The methods by which most executions are carried out can involve physical torture. Haag states “Electrocution has on occasion caused extensive burns and needed more than one application of electric current to kill the condemned. “(Haag 137) To many opponents, capital punishment is a euphemism for legally killing people. And no one, not even the State, has the authority to play God. Despite the moral argument concerning the inhumane treatment of the criminal, we return to the “nature” f the crime committed. Can society place an unequal weight on the tragically lost lives of murder victims on the criminal?
This is not an exam question in a Thiel philosophy class, but a moral puzzle at the center of perhaps the most interesting issue facing the Supreme Court today. Punishment is meted out because of the nature of the crime, without any reference to social identity of the victim.
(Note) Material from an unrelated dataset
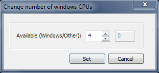 If you have Windows 7, to change the core allocation, first click the Set on target button and the following window will pop up:
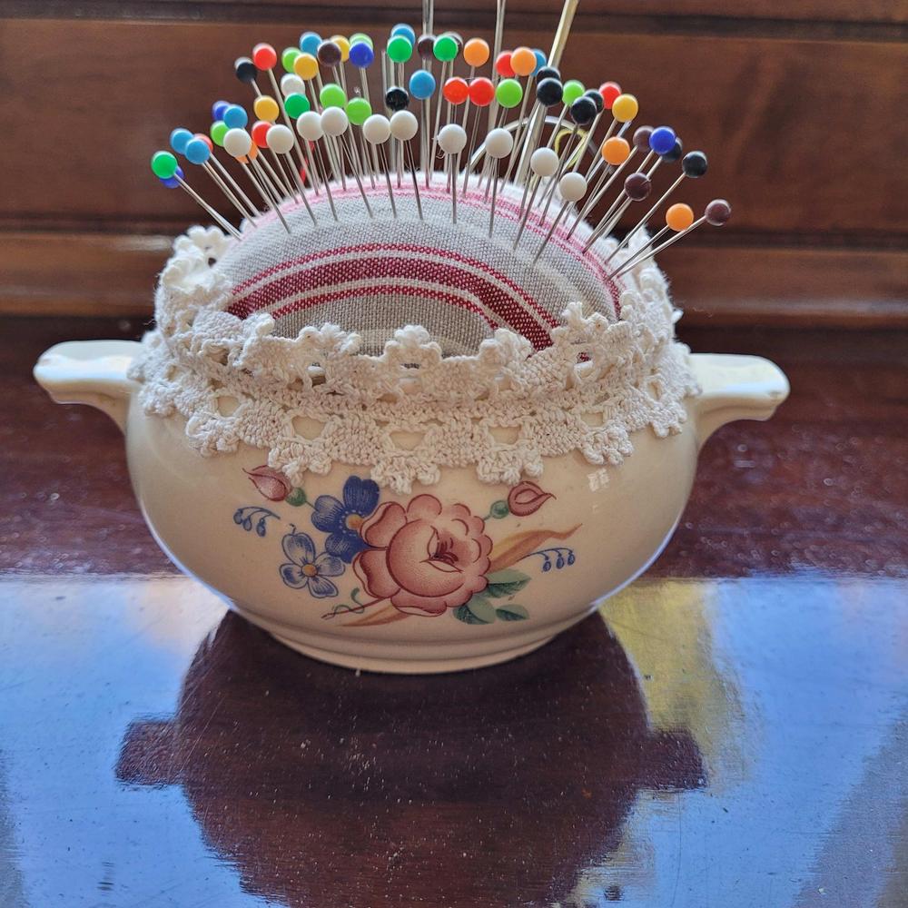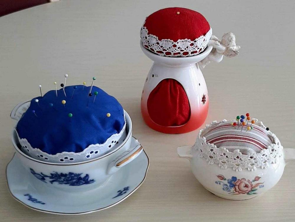 Käsityökerhossa 13.4. tehtiin monenlaista, mm. neulatyynyjä kierrätysastioista.

Compassion and political calculations have combined to transform victims and their advocates into a way to sway voters by their feelings. Beginning in California in 1987, the Supreme Court carved out a crucial exception: Neither the life of the victim or the suffering of his survivors could be a factor in any state or federal case punishable by death.
The catch is that every cutback in the complex legal process has evolved to ensure that only the guilt die, increasing the chance that an innocent person will be subjected to this most irreversible and final of punishments. (Bedau 298) The possibility of an innocent person being put to death is another factor some people have against the death penalty. According to a 1987 Stanford University survey, at least 23 Americans have been wrongly executed in the twentieth century .
In case of a mistake, the executed prisoner can not be given another chance and justice will have miscarried. In the last hundred years, there have been more than seventy- five documented cases wrongly conviction of criminal homicide. A death sentence was carried out on eight of these seventy- five individuals. Surely there are many other cases of mistaken convictions, and execution occurred and remained undocumented. A prisoner discovered to be blameless can be freed, but neither release nor compensation is possible for a corpse.
The death penalty should be abolished because it is a barbaric form of punishment, which should not be allowed in the United Sates, which is supposedly one of the most civil nations in the world. It should also be abolished not only because it is barbaric, but it also defies the U. S. Constitution, which most Americans hold sacred. In addition to this, the death penalty even if it remains legal in the U. S. would not obtain its goal. The death penalty fails its main objective and because of the reasons stated above should be abolished.